Manafort and Skadden worked with a U.S.-based public relations firm to roll out the report, the document states. That included a plan to distribute it to “approximately 20 members of the U.S. Congress” and for the partner whose description matches that of Craig to give on-record briefings to journalists about the Tymoshenko case.

However, even as the release proceeded, questions about how Skadden got paid began to arise. One unnamed journalist emailed the lead partner regarding a “rumor/dispute…about how and how much Skadden got paid.” Within a week of the report’s release in December 2012, the DOJ’s FARA unit requested meetings with the Skadden attorneys about the issue.

Skadden spent more than a year negotiating with FARA over whether it had to register as an agent of Ukraine in the case.

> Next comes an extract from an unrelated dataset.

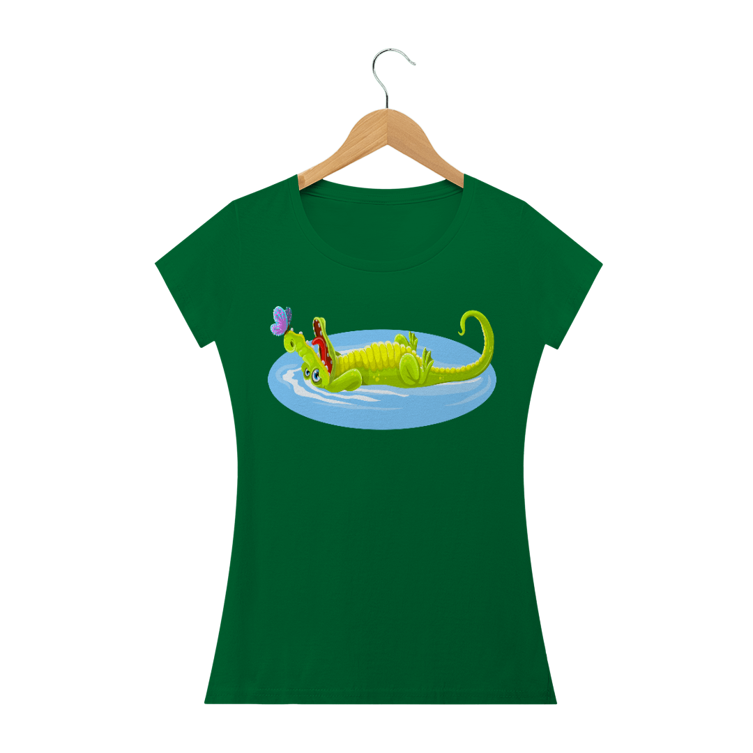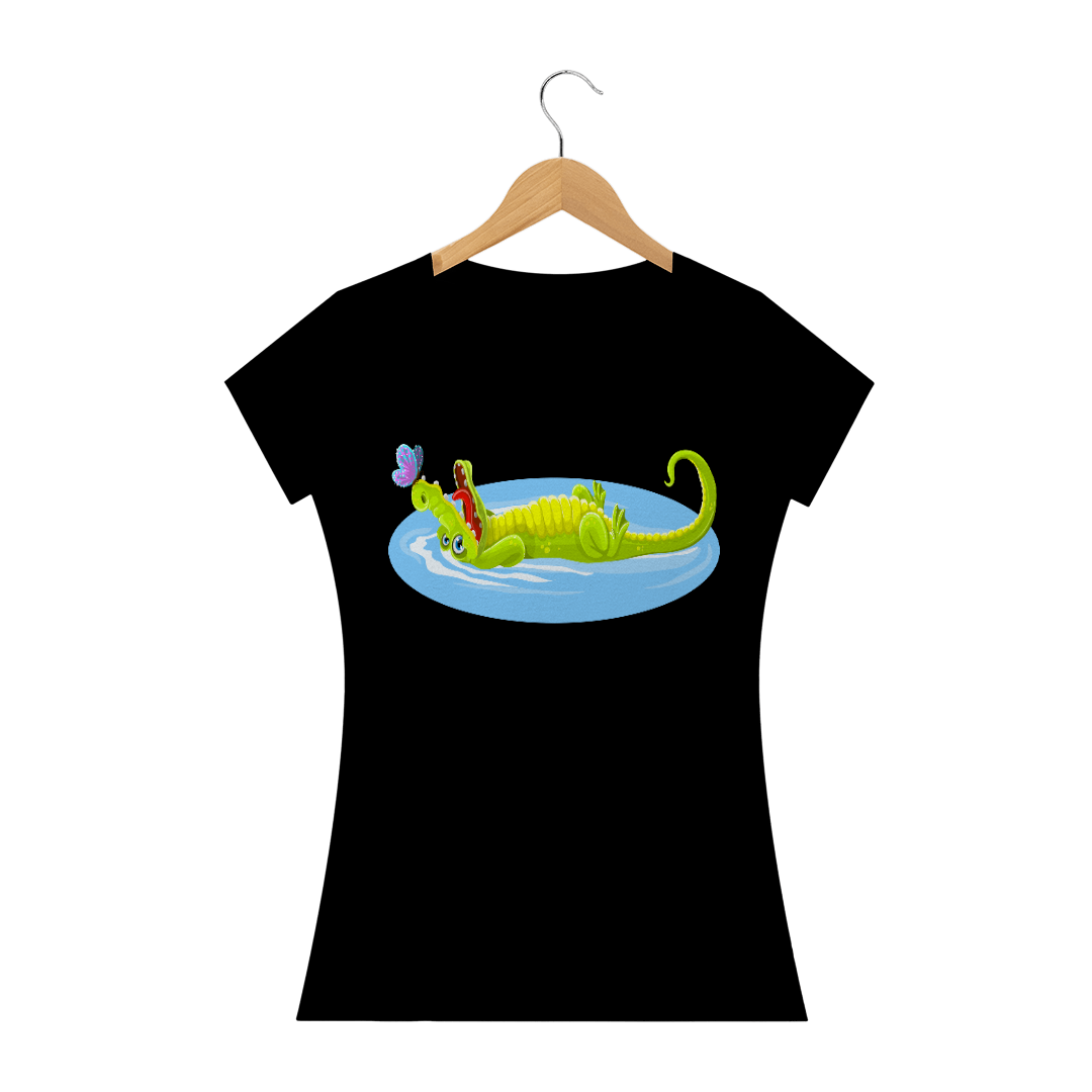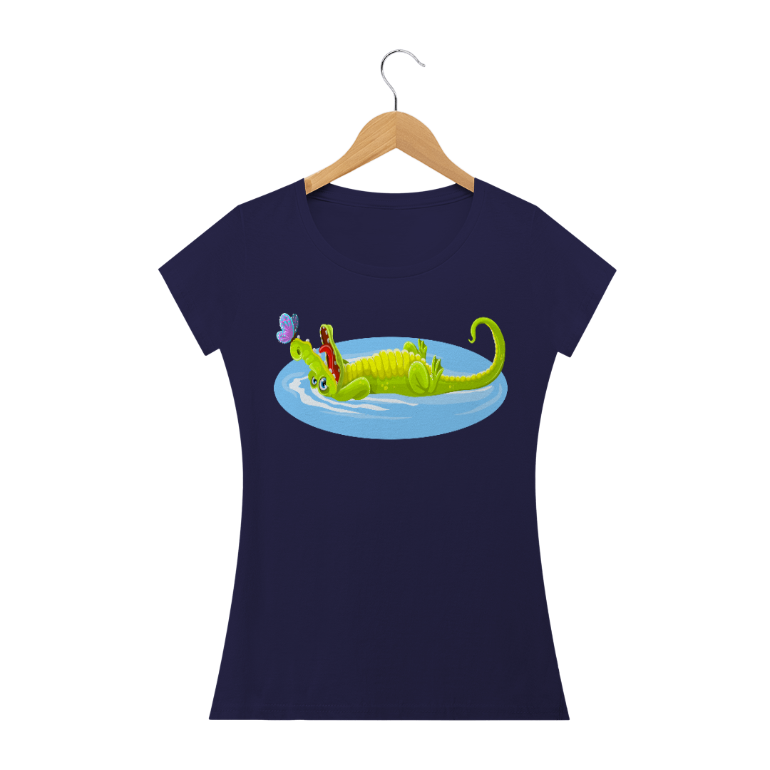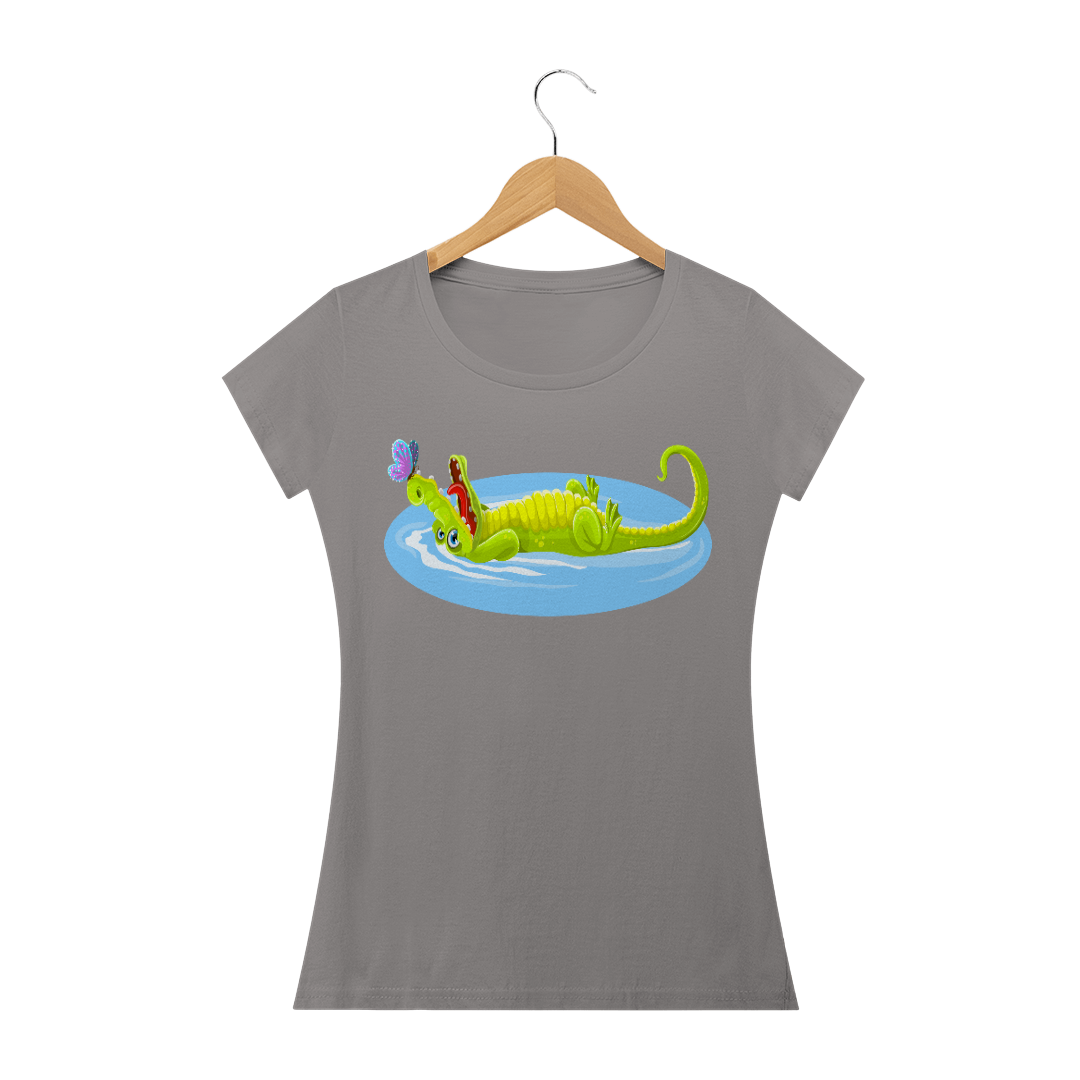 Camiseta Baby Long Quality Feminina Estampa Jacaré Relaxando na Água
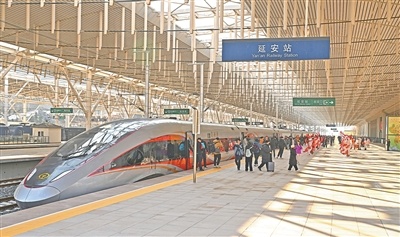 12月26日,西延高铁开通运营首日,首批乘客抵达延安站。本报记者 雷声摄

In one email, attributed to the partner matching Craig’s description, the attorney told another lawyer “we need an answer from someone who we can rely on with a straight face” regarding a FARA issue.

By September 2013, the Justice Department had made an initial decision to order Skadden to register. However, the law firm was able to dissuade the department by telling members of the FARA unit at a meeting that the firm didn’t disseminate the report to journalists, contact the media, or issue statements to the press “about Ukraine.”

Skadden admitted that these were false statements as part of the settlement.

The settlement agreement itself states that it only resolves the case against the law firm. Craig reportedly remains under investigation for his involvement.